Еще Луис очень любил прятать деньги, которые надлежало найти с помощью дедукции. Это помогло мне существенно увеличить свою зарплату секретаря «.
Кончита уехала из Мадрида во время съемок, так как в Сарагосе умер наш брат Альфонсо. Позже она не раз приезжала ко мне в Мадрид, где я жил в небоскребе в просторных и светлых комнатах. Сегодня он, увы, превращен в административное здание, С нею и другими друзьями мы часто ходили вкусно поесть к донье Хулии, в одну из лучших таверн Мадрида. Именно в это время я познакомился с хирургом Хосе Луисом Барросом, ставшим лучшим моим другом сегодня.
Избалованная Алатристе, который однажды дал ей 800 песо на чай при счете 200 песо, донья Хулиа предъявила мне как-то счет на астрономическую сумму. Я безмолвно рассчитался, весьма удивленный, а затем рассказал об этом хорошо ее знавшему Пако Рабалю. Тот поинтересовался, отчего она представила мне такой большой счет. И она простодушно ответила: — Я подумала, раз он знаком с сеньором Алатристе, он тоже миллионер.
В те времена я почти ежедневно посещал, вероятно, последние собрания Мадрида. Они происходили в старом» Кафе Вьена «. Здесь собирались Хосе Бергамин, Хосе Луис Баррос, композитор Питталуга, матадор Луис Мигель Домингин и другие друзья. Входя, я приветствовал тех, кто уже пришел, но делал это незаметно, как франкмасоны, хотя никогда не принадлежал к ним. Во франкистской Испании такое поведение приобретало привкус риска.
Испанская цензура в те времена отличалась мелочными придирками. Сначала я придумал такой эпилог: Виридиана стучится в дверь своего двоюродного брата. Дверь открывается, она входит, дверь закрывается.
Цензура запретила его. Пришлось придумать другой, более порочный, ибо он намекал на жизнь втроем. Виридиана садится за карточную игру, в которой участвуют ее кузен и женщина, его любовница. И брат говорит ей:» Я так и знал, что рано или поздно ты станешь с нами играть в «туте».
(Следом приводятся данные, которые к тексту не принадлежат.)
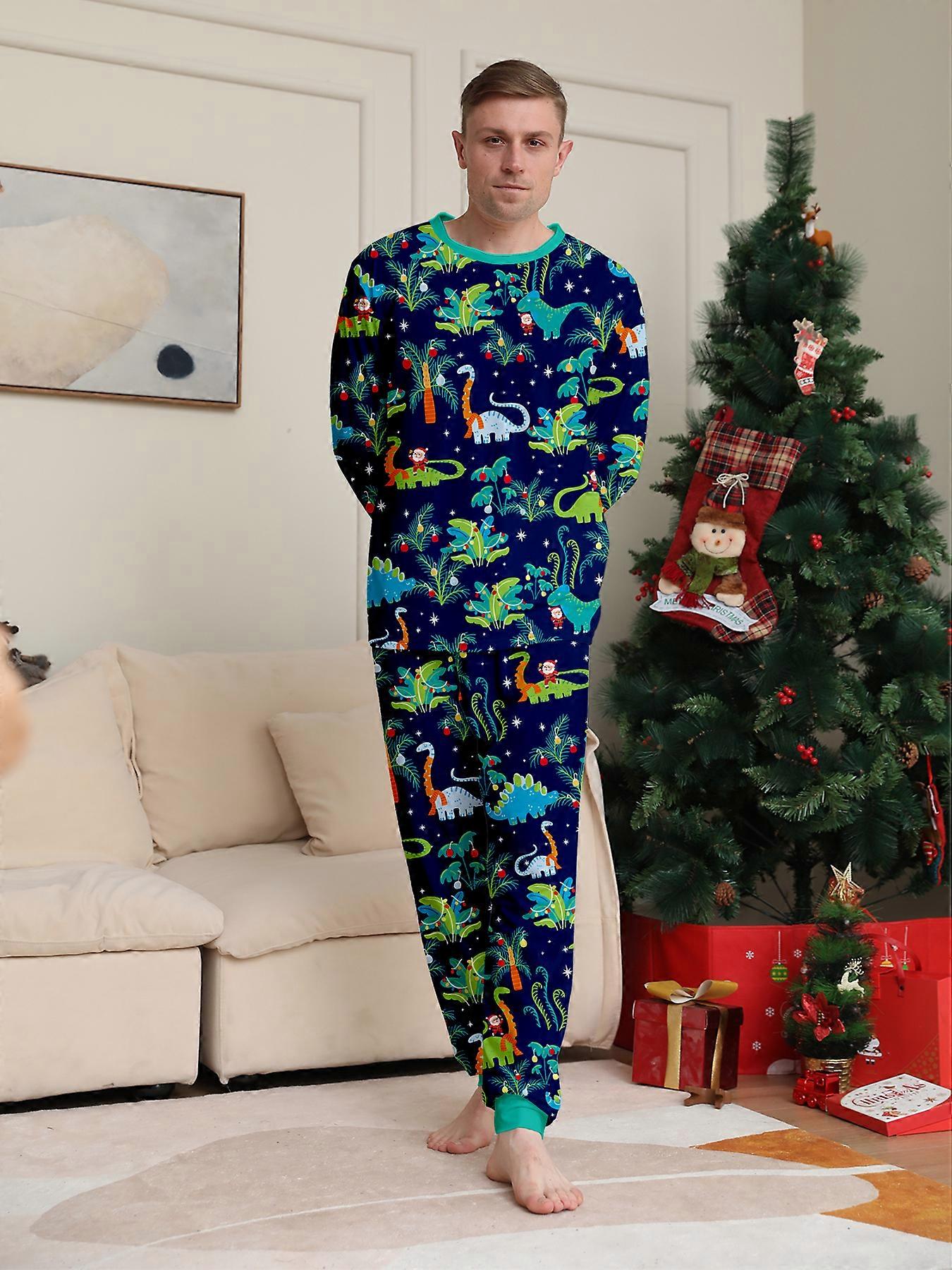 Festive Christmas Couple Pajamas: Navy All - Over Dinosaur Print Sleepwear Set
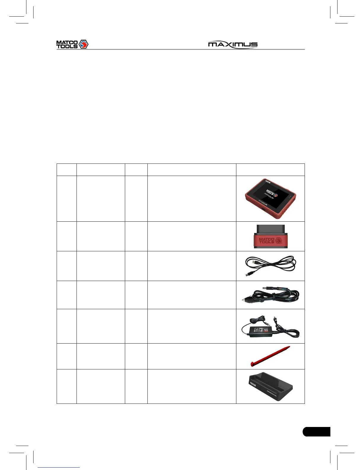 Table 2-3: MAXIMUS common accessories and descriptions
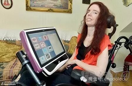 韦伯斯特今年42岁,每天学习三个小时。学习时,她通过轻推头部两侧的按钮来移动屏幕上的鼠标,通过眨眼键入字母。

«Виридиана» вызвала в Испании скандал, сравнимый разве что с «Золотым веком», который искупил мой грех в глазах испанских республиканцев, живущих в Мексике. И в самом деле, после очень враждебной статьи, появившейся в «Оссерваторо романо», фильм, получивший затем «Золотую пальмовую ветвь» на Каннском фестивале как испанский, был тотчас запрещен в Испании министром туризма и информации. Одновременно был досрочно выведен на пенсию директор Испанской синематеки за то, что принял приз в Канне, поднявшись для этого на сцену.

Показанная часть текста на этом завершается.